COUNCIL ON FOREIGN RELATIONS
October 10, 2019
Myanmar author Thant Myint-U speaks during the DSC Jaipur Literature Festival (JLF) in Jaipur, India on January 23, 2012. Prakash Singh/AFP/Getty Images


In the run-up to Myanmar’s elections next year, there is little positive news to report about a country that seemed like a democratic success story less than five years ago. On Aung San Suu Kyi’s watch, over the past four years the country has seen a regression in press freedom, expanded usage of anti-defamation laws and a general crackdown on speech, and massive rights abuses in western Myanmar’s Rakhine State. Although over one million Rohingya have already fled Rakhine, and chaos is engulfing the state again, as the military battles the Buddhist, ethnic Rakhine Arakan Army; the fighting is spreading, as army units reportedly have been attacking civilians as well.
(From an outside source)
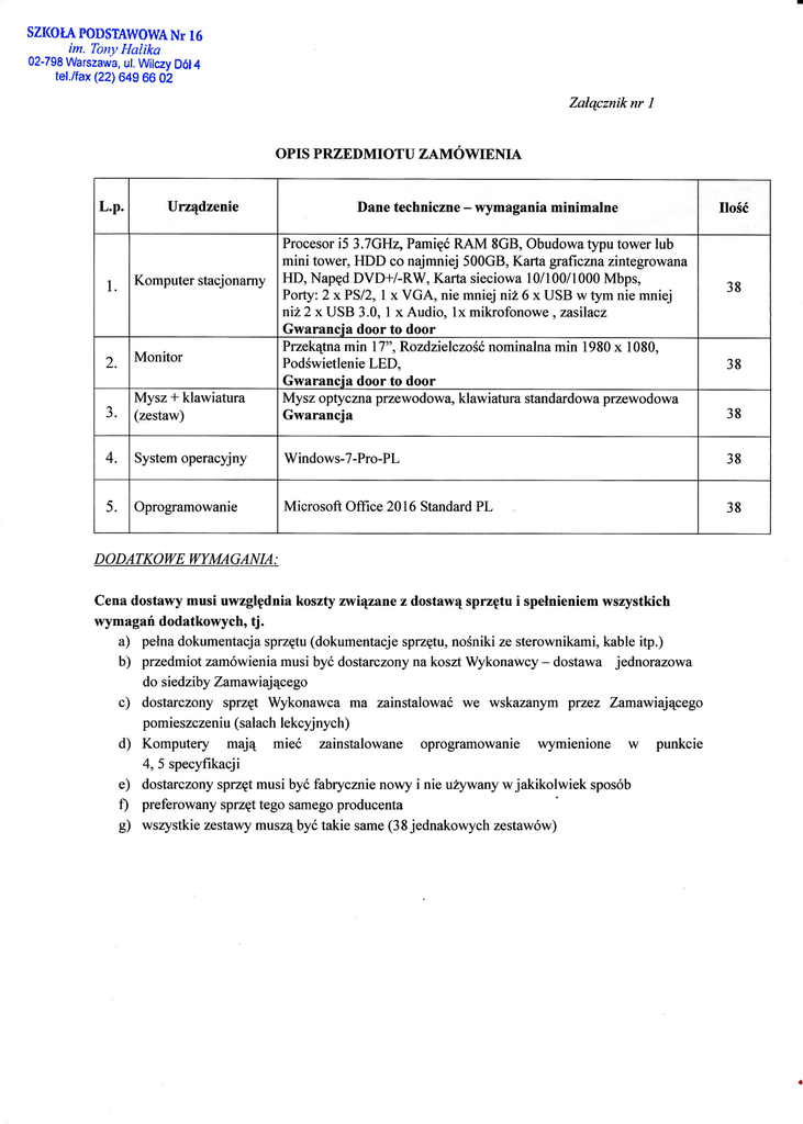 §ZIOŁAPOD§TAWOWANI 16 im. Tonv Halika 02-798Warszawa, ul, Wilczy Dól4 tel.|fax (22) 649 66 02 Załącznik nr l OPIS PRZEDMIOTU ZAMÓWIENIA L.p. l 2. Urządzenie Komputer stacjonarny Monitor Mysz + klawiatura Dane techniczne - rvymagania minimalne Procesor i5 3.7GHz, Pamięć RAM 8GB, Obudowa typu tower lub mini tower, HDD co najmniej 500GB, Karta graficznazintegrowana HD, Napęd DVD+/-RW,Karta sieciowa 10/100/1000 Mbps, Porty: 2 xPSlZ, l x VGA, nie mniej niż 6 x USB w Ęm nie mniej niż 2 x USB 3.0, 1 x Audio, lx mikrofon owe, zasi|acz Gwarancia door to door Przekątna min 17", Rozdzielczośó nominalna min 1980 x 1080, Podświetlenie LED, Gwarancia door to door Mysz optyczna przewodowa, klawiatura standardowa przewodowa Ilość 38 38 (zestaw) Gwarancja 38 4, System operacyjny Windows-7-Pro-PL 38 5. Oprogramowanie Microsoft Office 2016 Standard PL 38 J. DODATKOWE WMAGANIA: Cena dostawy musi uwzględnia koszty związane z dostawą sprzętu i spełnieniem wszystkich rvymagań dodatkowych, tj. a) pełna dokumentacja sprzętu (dokumentacje sprzętu, nośniki ze sterownikami, kable ię.) b) przedmiot zamówienia musi być dostarczony na kosź Wykonawcy - dostawa jednorazowa do s iedziby Zamaw iaj ące go c) dostarczony sprzęt Wykonawca ma zainstalowaó we wskazanym przez Zamawiającego pomieszczeniu (salach lekcyjnych) d) Komputery mają mieć zainstalowane oprogramowanie wymienione w punkcie 4, 5 specyfikacji e) dostarczony sprzęt musi byó fabrycznie nowy i nie używany w jakikolwiek sposób 0 preferowany sprzęt tego samego producenta g) wsrystkie zestawy musząbyó takie same (38 jednakowych zestawów)

Fighting has ramped up in other ethnic minority areas as well, in the north and northeast, and Suu Kyi’s government also has made little headway towards serious economic reform either. Her government has shown little ability to develop or implement economic policy, tourists are scared off by the country’s deteriorating international image, inbound investment is falling, and Suu Kyi reportedly remains focused on the shaky peace process with ethnic rebels, not paying enough attention to the country’s dire economic needs. (To be fair, in recent months the National League for Democracy (NLD) has appeared to take up some reformist ideas, calling for changes to Myanmar’s constitution that would dilute the power of the military and potentially foster democratic progress.)